START TASK MATERIAL

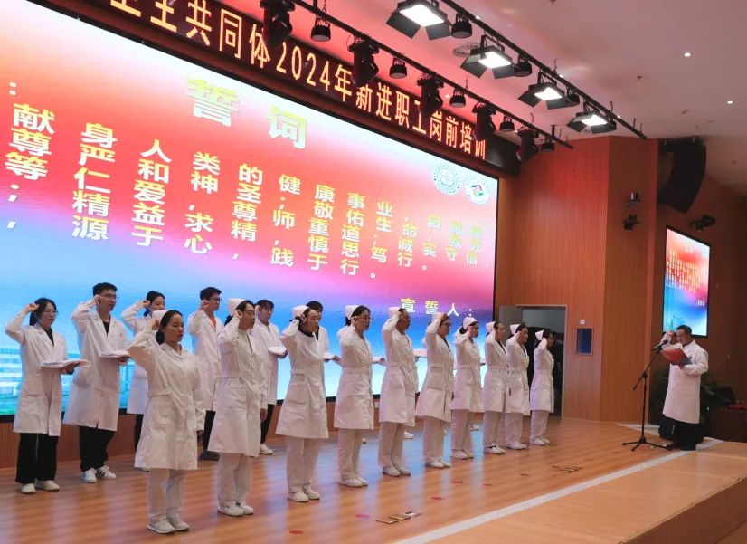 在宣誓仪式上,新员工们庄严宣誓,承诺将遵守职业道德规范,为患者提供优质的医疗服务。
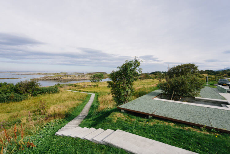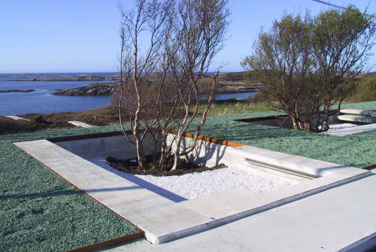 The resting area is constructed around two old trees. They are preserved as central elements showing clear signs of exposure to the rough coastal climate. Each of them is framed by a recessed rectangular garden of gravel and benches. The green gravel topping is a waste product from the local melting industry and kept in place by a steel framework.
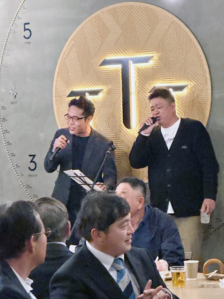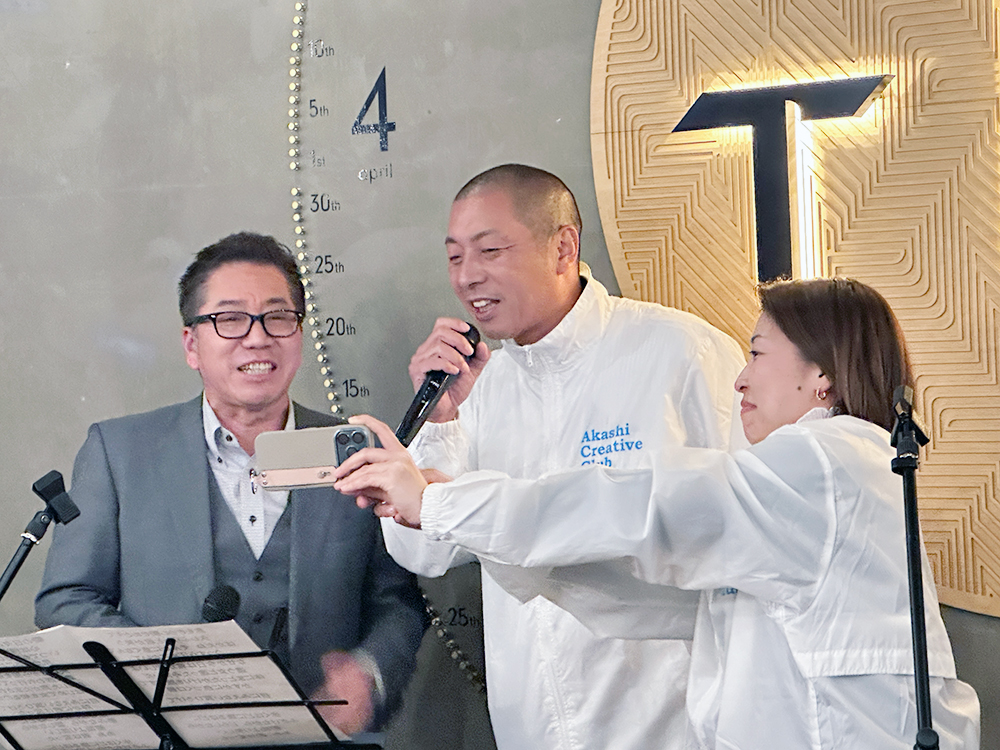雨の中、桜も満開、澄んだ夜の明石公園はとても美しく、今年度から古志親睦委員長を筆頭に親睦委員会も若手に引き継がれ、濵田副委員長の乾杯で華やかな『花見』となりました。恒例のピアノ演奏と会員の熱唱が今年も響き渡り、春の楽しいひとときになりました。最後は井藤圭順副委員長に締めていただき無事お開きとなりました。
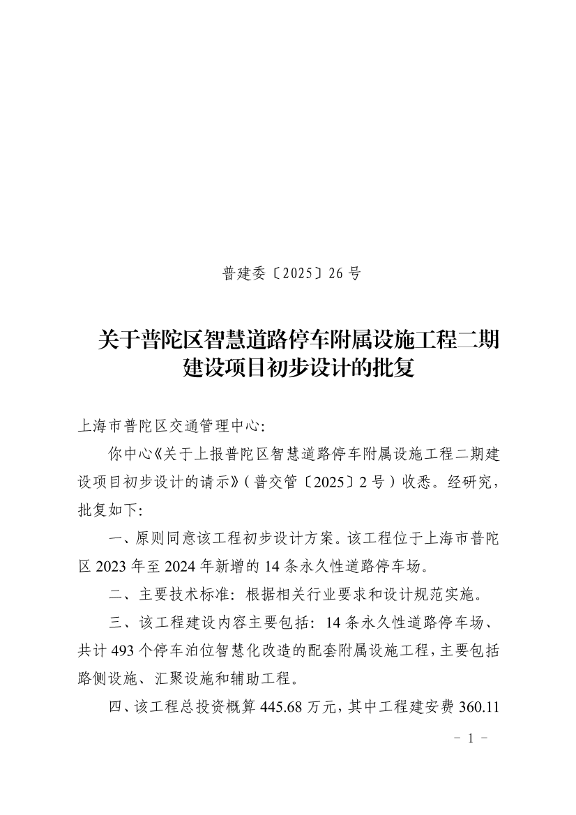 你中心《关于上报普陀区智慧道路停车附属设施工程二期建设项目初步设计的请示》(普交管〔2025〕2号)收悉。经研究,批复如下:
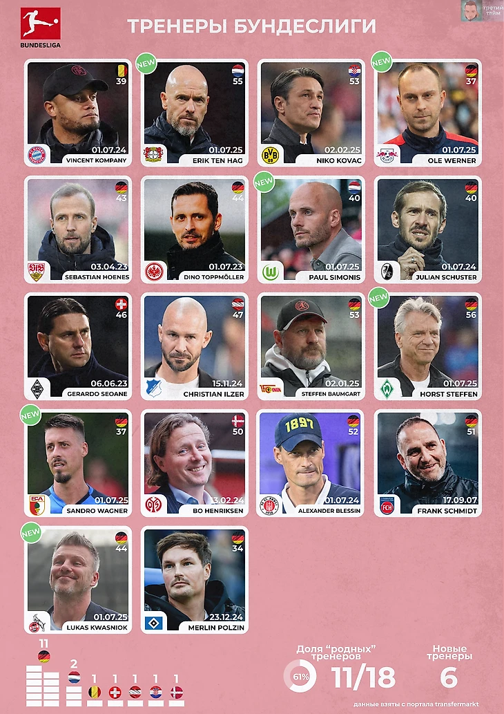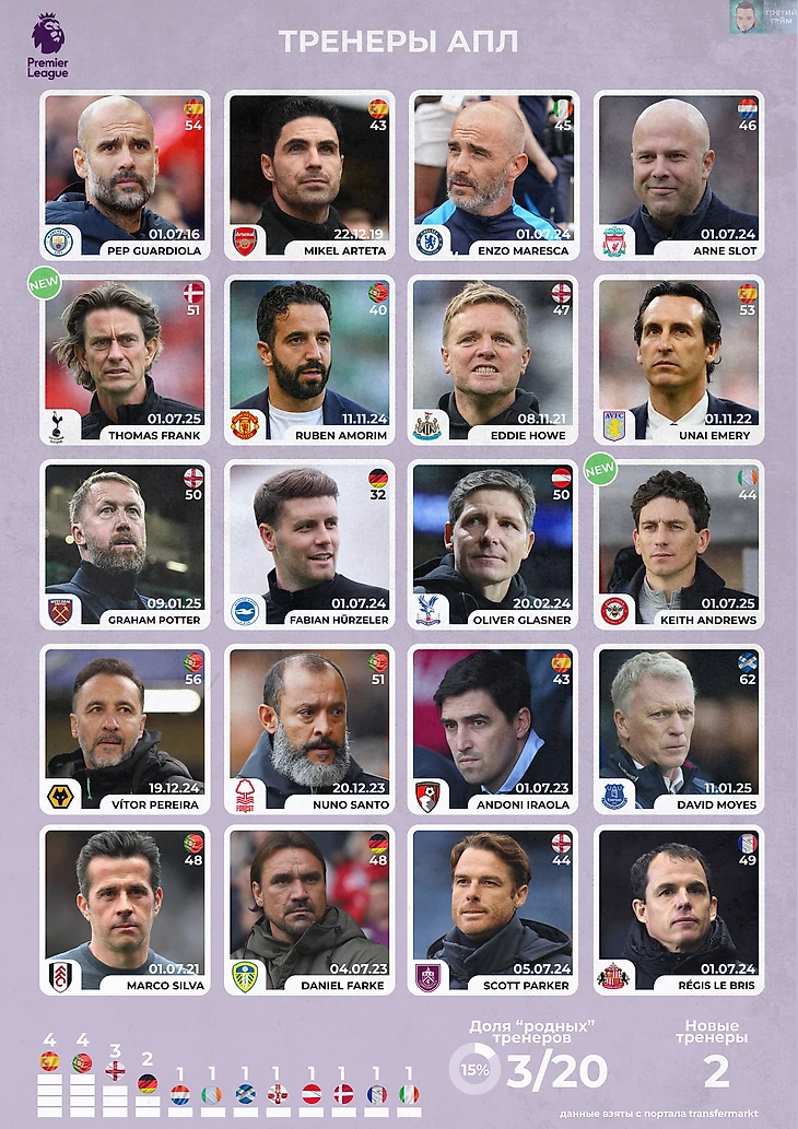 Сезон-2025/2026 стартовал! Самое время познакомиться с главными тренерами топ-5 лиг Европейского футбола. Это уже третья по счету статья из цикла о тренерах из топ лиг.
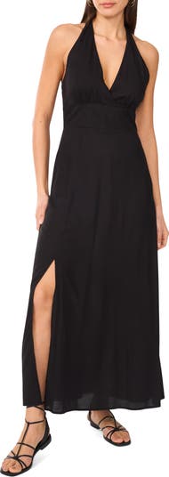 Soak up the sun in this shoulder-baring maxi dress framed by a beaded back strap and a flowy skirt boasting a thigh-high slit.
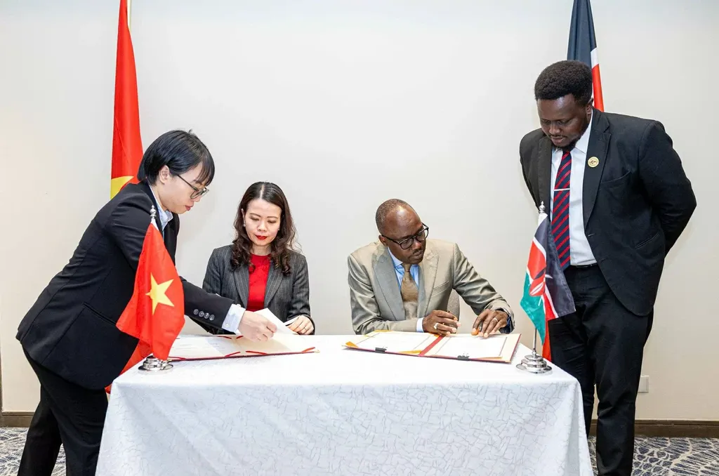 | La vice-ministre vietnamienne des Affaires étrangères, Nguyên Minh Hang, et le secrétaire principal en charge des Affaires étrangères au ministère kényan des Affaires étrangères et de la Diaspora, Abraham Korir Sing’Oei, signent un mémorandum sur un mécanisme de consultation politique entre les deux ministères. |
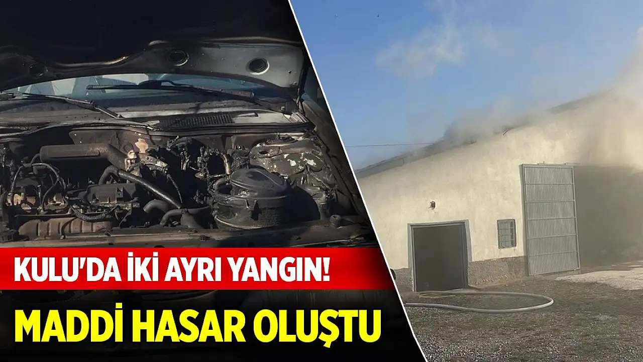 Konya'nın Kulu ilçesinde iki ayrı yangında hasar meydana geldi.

END TASK MATERIAL

▶ [WORK ORDER]:
All lines from the one containing "你中心《关于上报普陀区智慧道" through the final line of the entries above must be restated word for word, pictures excluded.

▶ [RESPONSE TO THIS EXERCISE]:
 你中心《关于上报普陀区智慧道路停车附属设施工程二期建设项目初步设计的请示》(普交管〔2025〕2号)收悉。经研究,批复如下:
 Сезон-2025/2026 стартовал! Самое время познакомиться с главными тренерами топ-5 лиг Европейского футбола. Это уже третья по счету статья из цикла о тренерах из топ лиг.
 Soak up the sun in this shoulder-baring maxi dress framed by a beaded back strap and a flowy skirt boasting a thigh-high slit.
 | La vice-ministre vietnamienne des Affaires étrangères, Nguyên Minh Hang, et le secrétaire principal en charge des Affaires étrangères au ministère kényan des Affaires étrangères et de la Diaspora, Abraham Korir Sing’Oei, signent un mémorandum sur un mécanisme de consultation politique entre les deux ministères. |
 Konya'nın Kulu ilçesinde iki ayrı yangında hasar meydana geldi.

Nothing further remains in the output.